BudgetMem: A New Framework for Solving Agent Memory Bottlenecks: Researchers have introduced BudgetMem, a runtime framework that dynamically extracts memory based on performance-cost trade-offs. It divides memory extraction into three budget tiers and uses a lightweight neural router to select the optimal tier based on query demands. In LongMemEval tests, BudgetMem significantly outperformed traditional baseline models, providing a more cost-effective memory management solution for long-term interaction Agents. (Sources: dair_ai)

BudgetMem

Vouch: An AI Trust Defense for the Open Source Community: In response to the flood of low-quality AI-generated PRs and malicious code, developer mitchellh launched the Vouch system. Through an “explicit trust management” mechanism, contributors must be “vouched” for by known trusted members before submitting code. All trust data is stored in simple text files within the repository, aiming to filter AI spam through a “web of trust” and maintain the purity of open-source projects. (Source: mitchellh)

📚 Learning

The “Grep Tax”: Hidden Costs in AI Engineering: Research found that while Agents can handle various structured data, using uncommon compact formats (like TOON) can increase Token consumption by up to 740%. This is because models have a strong preference for XML and Markdown from their training; when faced with unfamiliar syntax, they repeatedly loop to search for known patterns. This reminds developers: adhering to model training preferences (like using XML/Markdown) is more cost-effective than pursuing minimalist formats. (Source: omarsar0)

Grep税

The “Complexity Kink” in Agent Productivity: An econometric analysis of multi-asset tasks identified a “Complexity Kink.” When a task’s instruction entropy (E) and artifact coupling (kappa) exceed specific thresholds, an Agent’s marginal productivity undergoes a non-linear collapse. At this point, the Agent’s costs for coordination and looping exceed execution costs. This research provides a theoretical framework for assessing the applicability boundaries of Agents in complex engineering. (Source: Reddit)

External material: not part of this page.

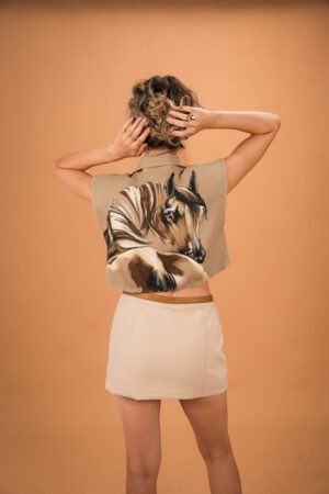 Featuring a stunning depiction of a horse on the back, this sleeveless design combines the sharpness of tailoring with the softness of art. The neutral tones make it versatile, while the intricate painting adds a bold, one-of-a-kind statement to your wardrobe.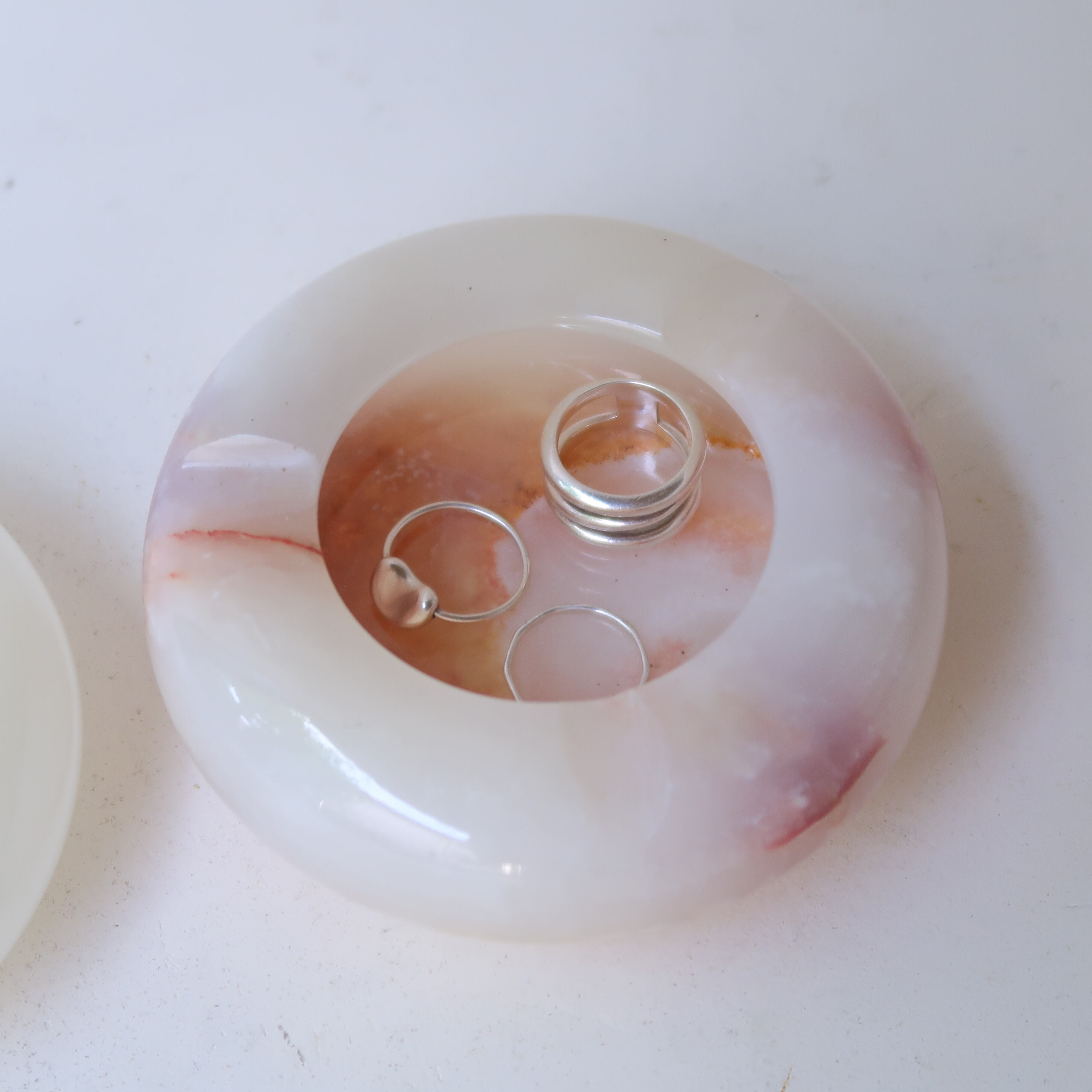 手のひらサイズのまるいジュエリートレイ。口がすぼまるフォルムで、意外とたくさん入ります。

Agent Client Protocol (ACP): A New Standard for AI Programming: Released this week, ACP is an open standard based on JSON-RPC 2.0 designed to provide a unified interface for interactions between editors and AI programming Agents. Through standardization, developers can more easily switch between different editors (e.g., VS Code, JetBrains) and Agents (e.g., Claude Code, Codex), promoting ecosystem interoperability in the programming toolchain. (Source: dl_weekly)

💼 Business

Compute Spending Gap: Tech Giants vs. National Power: AI capital expenditure by major firms in 2026 is staggering: Amazon at $200 billion, Google at $180 billion, and Meta at $125 billion. In contrast, the French government’s proud €30 million researcher attraction plan is equivalent to what Google spends every 90 minutes. This massive financial disparity raises deep concerns about whether national sovereignty will be undermined by tech giants in the AI era. (Sources: kimmonismus, Reddit)

算力支出鸿沟

The “Lemonization” and Collapse of the SaaS Market: As AI Coding drives software production costs toward zero, the traditional SaaS sector is experiencing severe turbulence. Wang Huiwen noted that US SaaS is becoming as “worthless” as Chinese SaaS. Finance-driven companies relying on legacy features and lacking innovation (e.g., Hubspot, ServiceNow) are being viewed as low-quality goods in a “lemon market.” Capital is accelerating toward fields with “atomic moats” (infrastructure, energy, hardware). (Sources: 36Kr, scottastevenson)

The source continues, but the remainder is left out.